— EXTRACTED RECORDS —
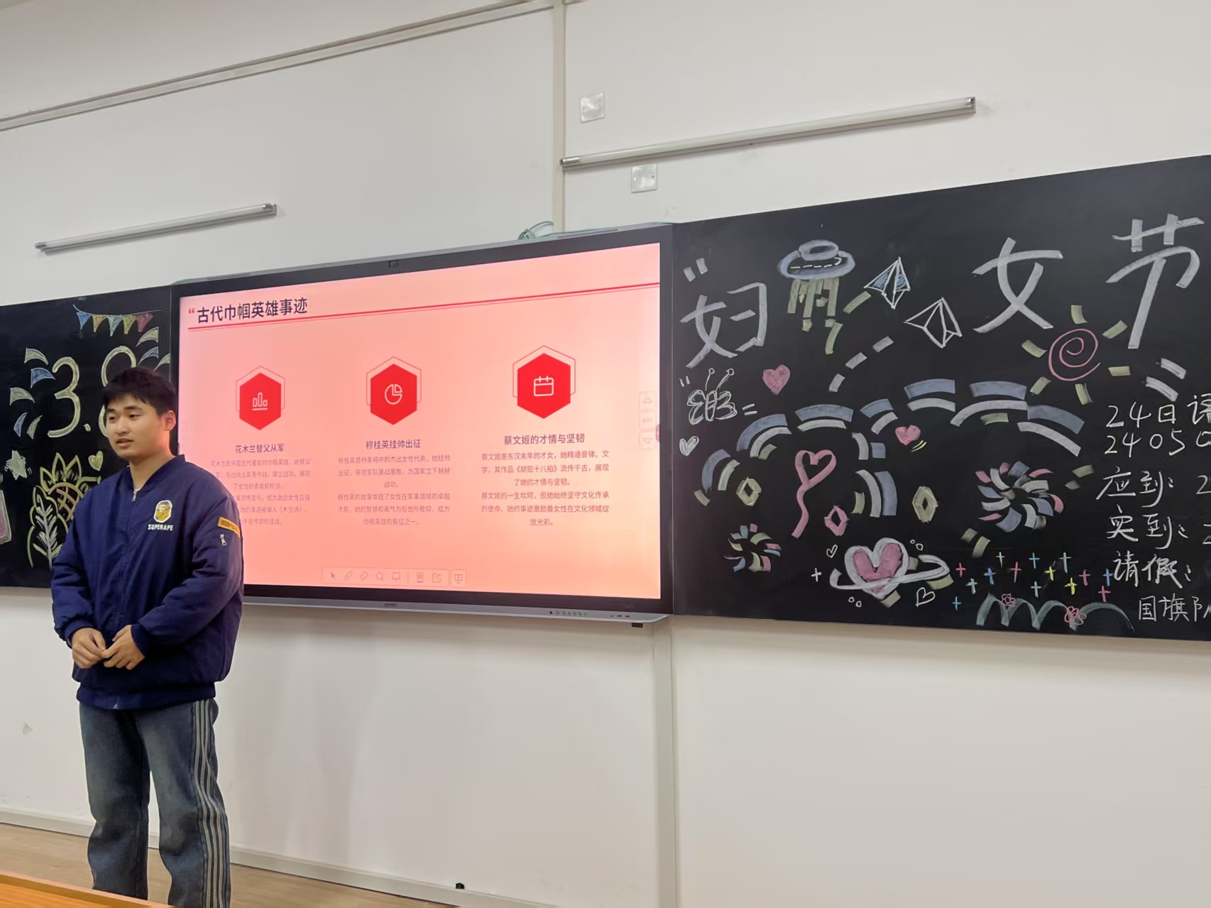 活动开场,各班级学生代表清晰介绍了活动背景、目的及流程,为活动营造了积极热烈的氛围。随后,各班级推选的分享者依次上台,借助PPT、视频等多元展示形式,分享了涵盖校园点滴、生活日常、社会热点及名人轶事等不同题材的女性故事。这些分享从多维度呈现女性在学习、成长、职场等方面的经历,生动展现了女性的坚韧与智慧,向现场传递了满满的正能量。在互动交流环节,同学们围绕 “女性成长的关键因素”、“如何打破性别偏见” 等现实议题分组讨论,各抒己见。每组代表上台分享讨论成果,进一步深化了同学们对女性话题的思考与认识。
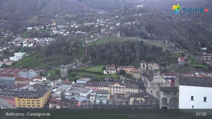 Archived webcam image showing Castelgrande in Bellinzona on 30 Mar 2026 at 07:39 06:00
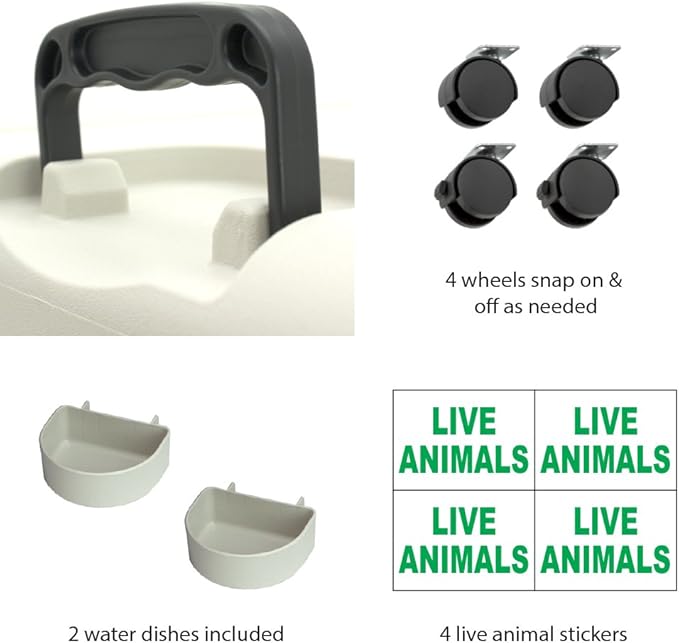- Iata airline approved. 2 dishes, 4 live animal stickers, metal bolts and nuts included
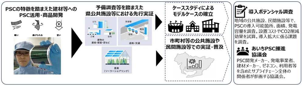 ペロブスカイト太陽電池普及拡大プロジェクトでは、PSCの導入ポテンシャル調査に加えて、先行実証としてアイシンが研究開発※1するPSCを愛知県内の公共施設などに設置し、導入拡大に伴う課題の確認とその解決策を検討する。その後、ほかの公共施設や民間施設でも導入実証を行い、導入モデルケースを確立することで、愛知県で全国に先駆けた社会実装を目指す。
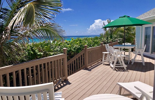 Palm Paradise offers a home with white powder sand right at your doorstep, and crystal clear blue water just steps away. The home is on the Atlantic side of the island featuring wonderful tropical breezes allowing for cooler air and a mostly bug free environment. Dining inside for more elegant meals with a crystal chandelier over the dining table or more casual out on the deck under an umbrella with views of the ocean or the stars and the sound of the waves. Palm paradise has a surf bar and coffee station. The great room has high ceilings with windows that lets in lots of light. All rooms have ocean views and sliding glass doors with access to the outdoor deck. There are climate controlled air conditioners and overhead fans in each room. Each bedroom has it's own private bathroom with a walk-in shower.
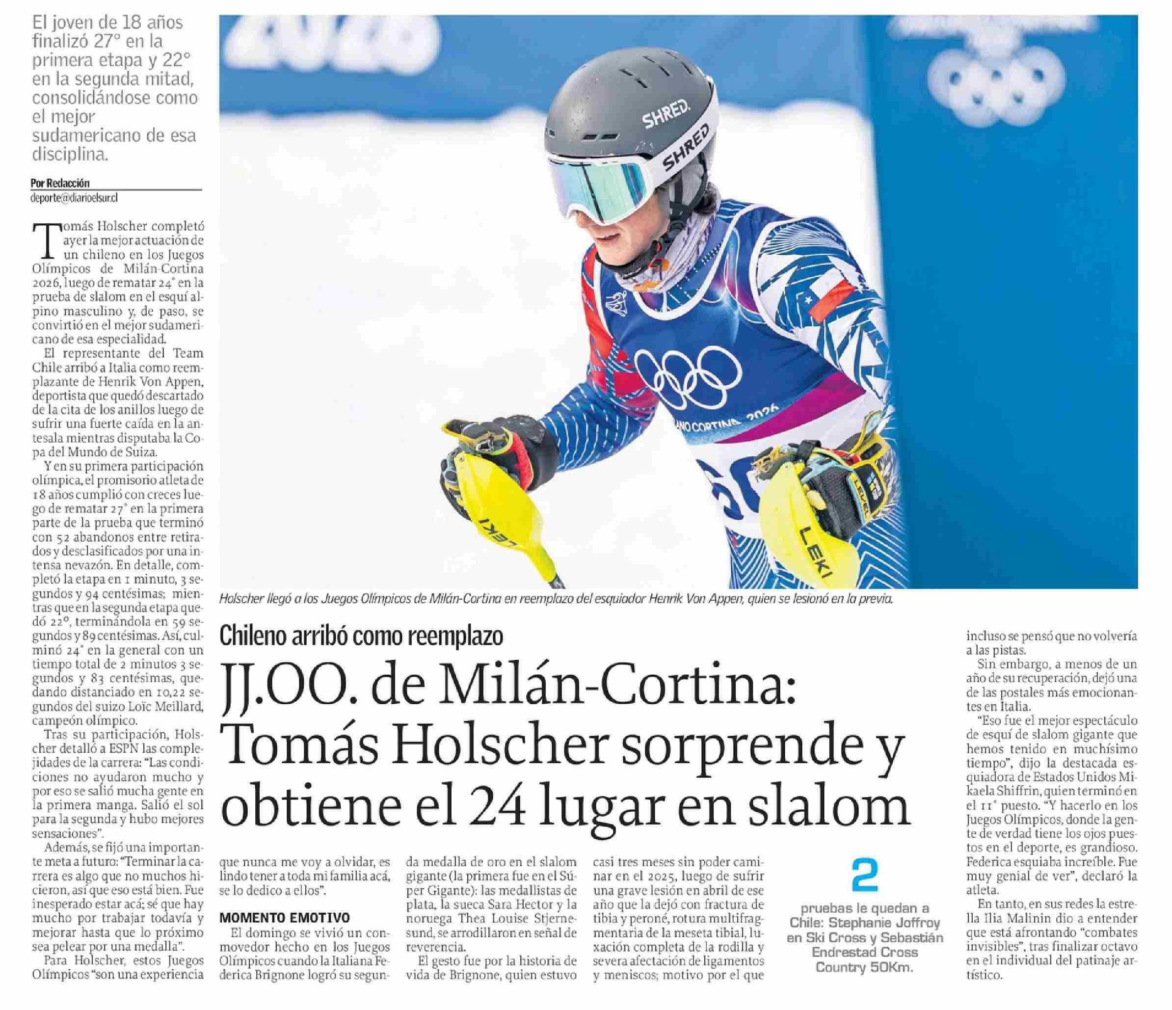 JJ.OO. de Milán-Cortina: Tomás Holscher sorprende y obtiene el 24 lugar en slalom
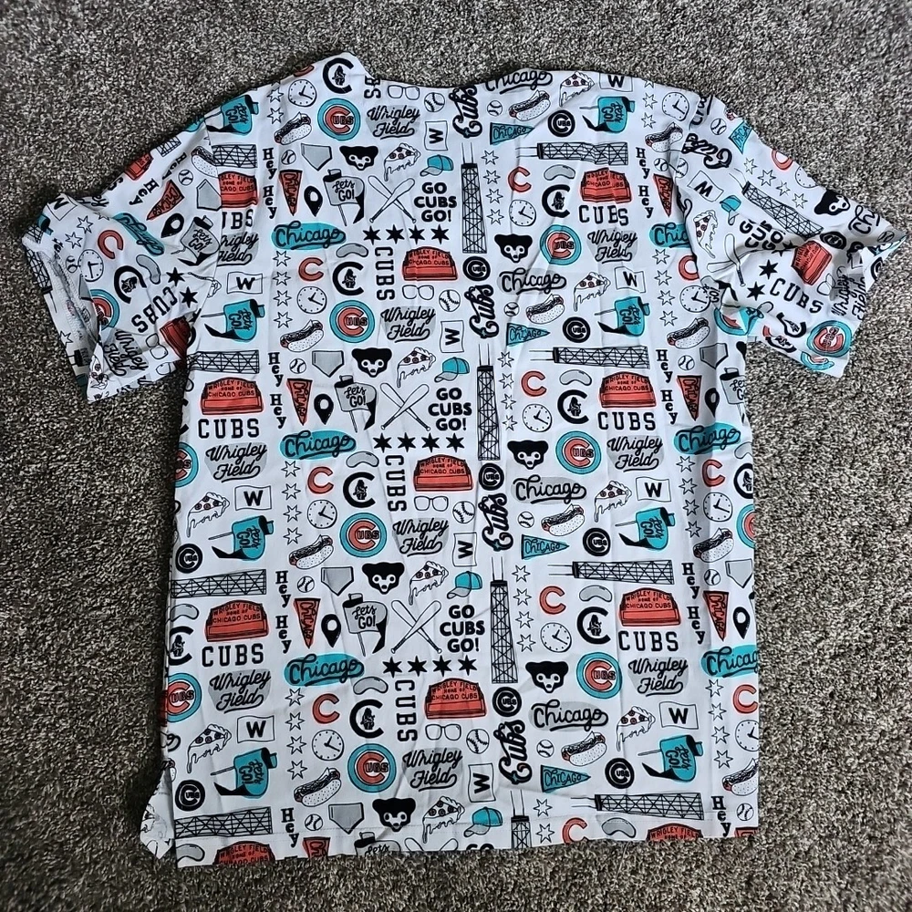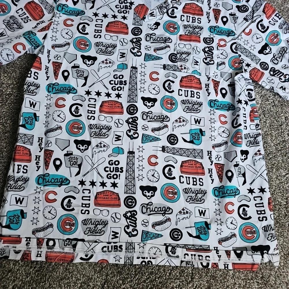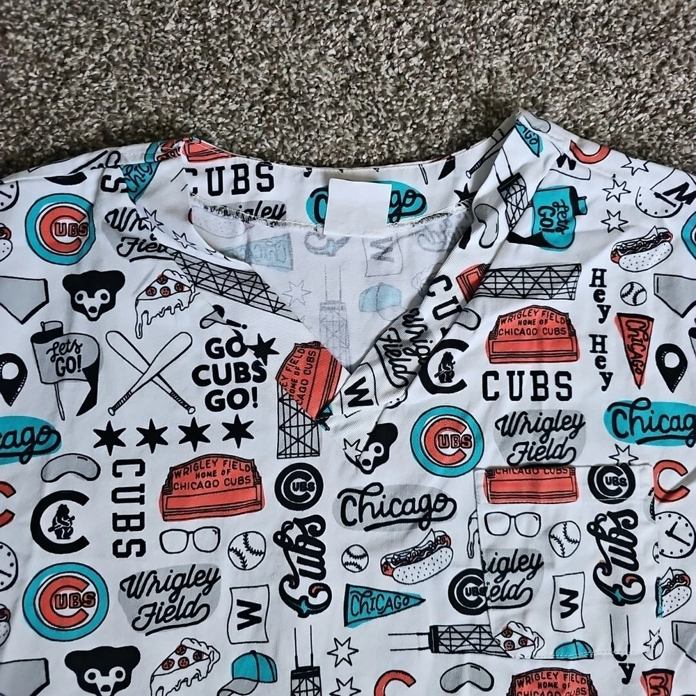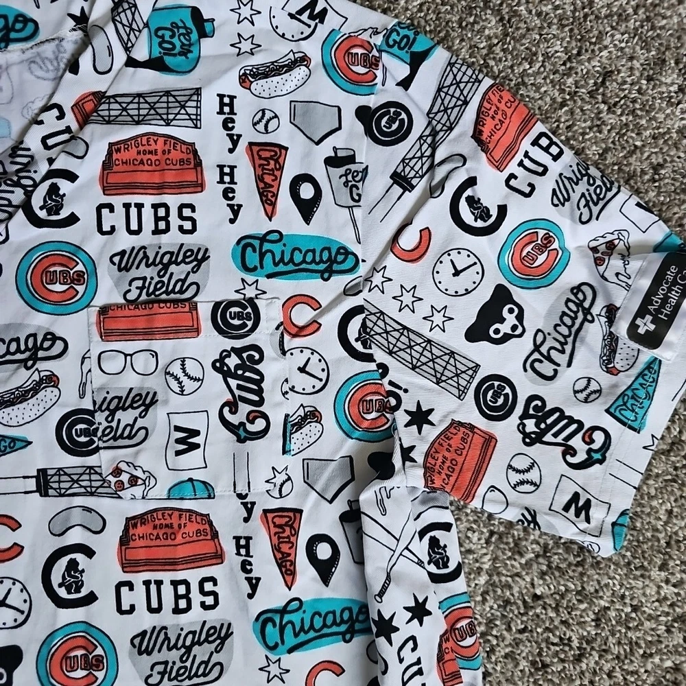 Chicago Cubs Wrigley Field Size Large White Medical Scrub Top Short Sleeve
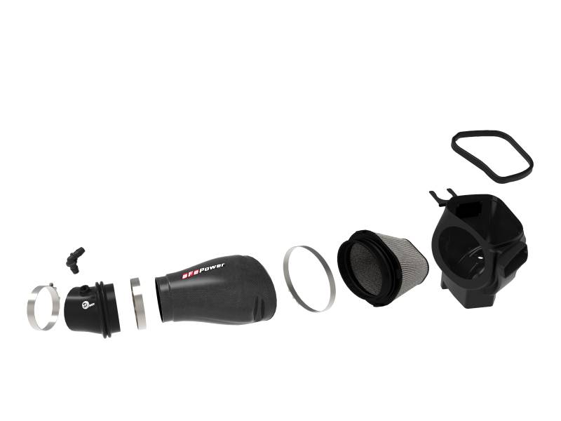 This 7” tall 360-degree radial flow air filter features a 5-1/2" by 7-1/2" flange and our oil-free Pro DRY S media with three layers of synthetic media for maximum convenience. Its progressive layering provides great filtration efficiency and dust holding capacity, while not requiring the use of oils. This media is best suited for street and light off-road use. The included massive air filter is surrounded by an open-element XLPE (cross-linked polyethylene) polymer housing that minimizes warm engine air for maximum performance. Its open design allows for easy viewing of the air filter and delivers an aggressive Air Intake sound. Multiple air inlets bring in cool air when under power without capturing any warm air surrounding the engine. The factory MUA (Multi-Air Unit Actuator) is easily transferred to the aFe POWER housing to guarantee correct crankcase flow, avoiding check engine lights and damaging factory hoses and sensors. All hoses, clamps, and screws are provided to connect to the aFe POWER tube and secure the MUA to the aFe POWER housing. The lightweight tube is computer-designed to achieve maximum power gains while maintaining a perfect fit. Manufactured from 100% twill weave carbon fiber, it features zero fiberglass and is clear-coated for the highest quality construction. This is a direct fit intake system that utilizes factory mounting points. All necessary stainless-steel clamps, silicone coupling, and hardware are included. Its revolutionary design, featuring our patent pending filter-to-housing interface, uses half the number of parts of a traditional cold air intake system. For Dodge Durango SRT Hellcat models, the air filter sits right under the SRT hood vent. aFe Power recommends purchasing 28-10303 pre-filter to protect the air filter from rain and other elements. aFe Power strongly recommends avoiding pressure washing around the hood vent and driving under heavy rain.
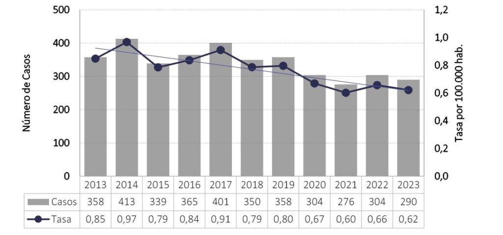 Durante el período analizado se registraron 102 casos en 2024, 39 casos menos en comparación al promedio de casos de 2014-2023).
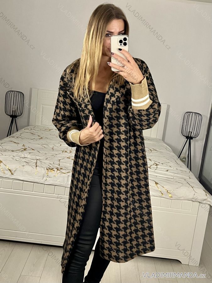Flauschiger Damenmantel mit Knöpfen (S/M/L ONE SIZE) ITALIAN FASHION IMD22962 L/XL Schwarz Braun
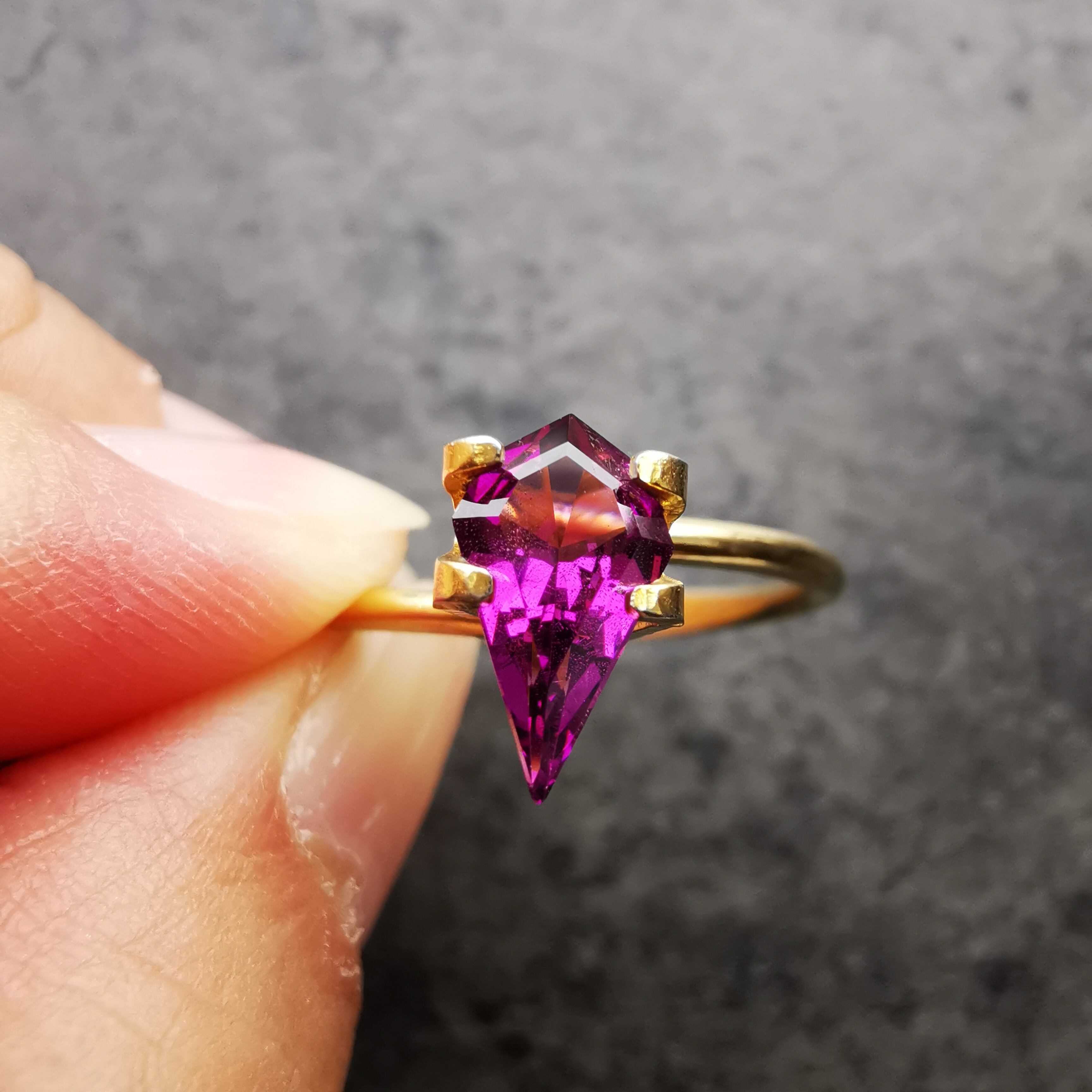 リカットの場合は、石目を保つためどうしても元の石の形から大きく変えられませんが、原石からのカットなら、結晶の形を活かした大胆なデザインのカットが可能です。
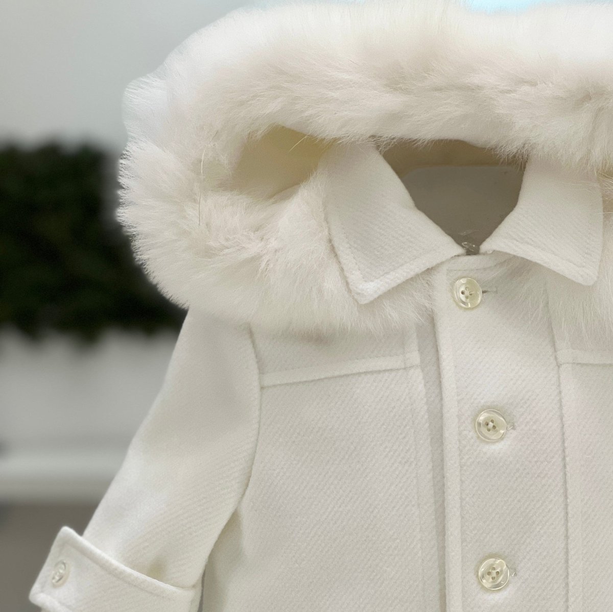 Cappotto in panno con bottoni in madreperla, tasche frontali in rilievo, cappuccio con ecopelliccia.
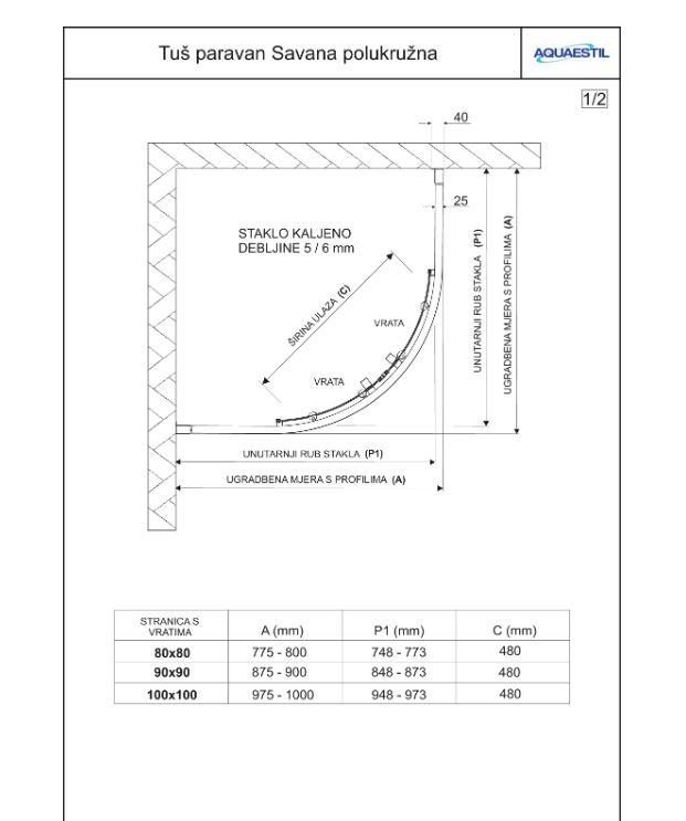 Aquaestil Tuš paravan Savana 90 polukružna, silver/prozirna
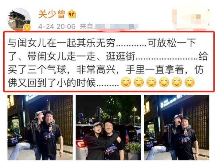 不过,近年来关少曾也越来越少的出现在影视剧中,多是陪着女儿一同拍戏,社交平台上也是各种和女儿的生活日常。

— WHAT THE TASK ASKS —
Make an exact copy of the lines above, beginning with the line with "Archived webcam image" and ending with the line with "- Iata airline", and keep the pictures out of it.

— SOLUTION BELOW —
 Archived webcam image showing Castelgrande in Bellinzona on 30 Mar 2026 at 07:39 06:00
- Iata airline approved. 2 dishes, 4 live animal stickers, metal bolts and nuts included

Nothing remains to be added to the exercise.